### [THE TASK]
Apart from pictures, transcribe exactly each line from the one containing "Left: Mr. Nishimura" through the final line of the listing below.

### [DATA BLOCK]
+++++

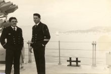 Plage arrière de La Combattante : PM Chef de Quart.DE BUISSON et le Mtre Mécanicien PAPILLON
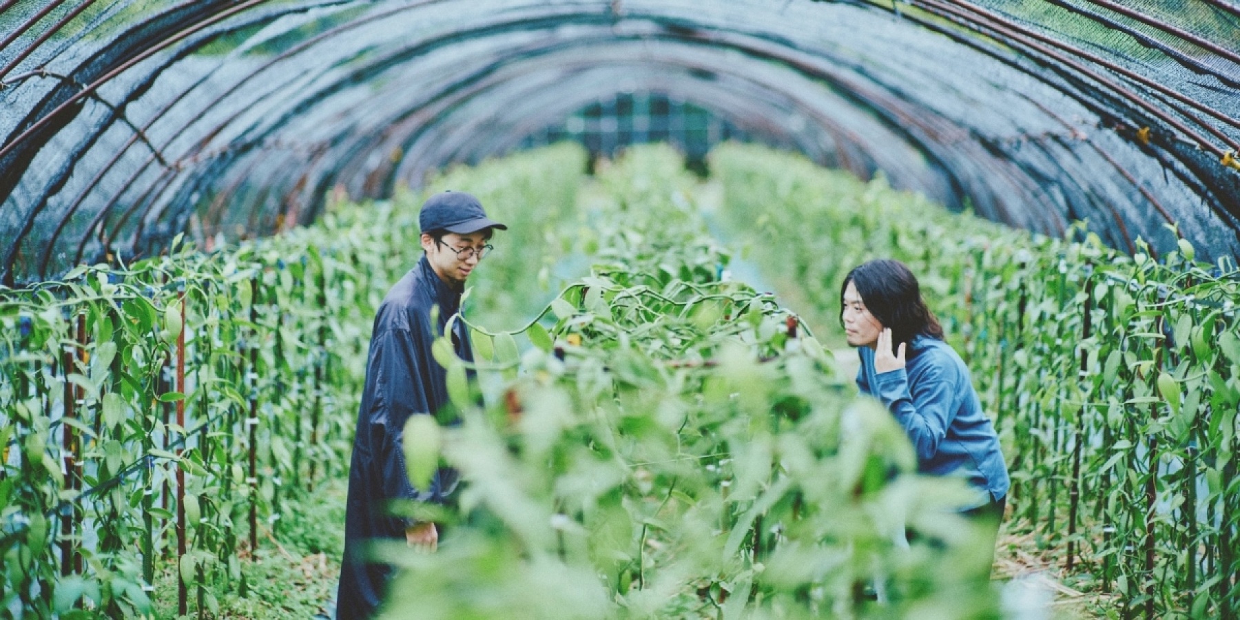 Left: Mr. Nishimura smelling the scent of cassia. Right: Vanilla cultivation has begun on the island. It is scheduled to be used in "Botanical" going forward.
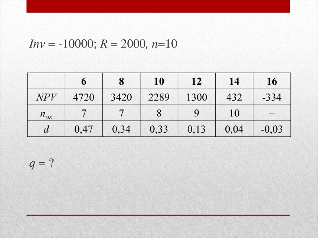 Внутренняя норма доходности (q) – ставка, прикоторой вложения только окупаются, т.е.

+++++

### [RESPONSE BELOW]
 Left: Mr. Nishimura smelling the scent of cassia. Right: Vanilla cultivation has begun on the island. It is scheduled to be used in "Botanical" going forward.
 Внутренняя норма доходности (q) – ставка, прикоторой вложения только окупаются, т.е.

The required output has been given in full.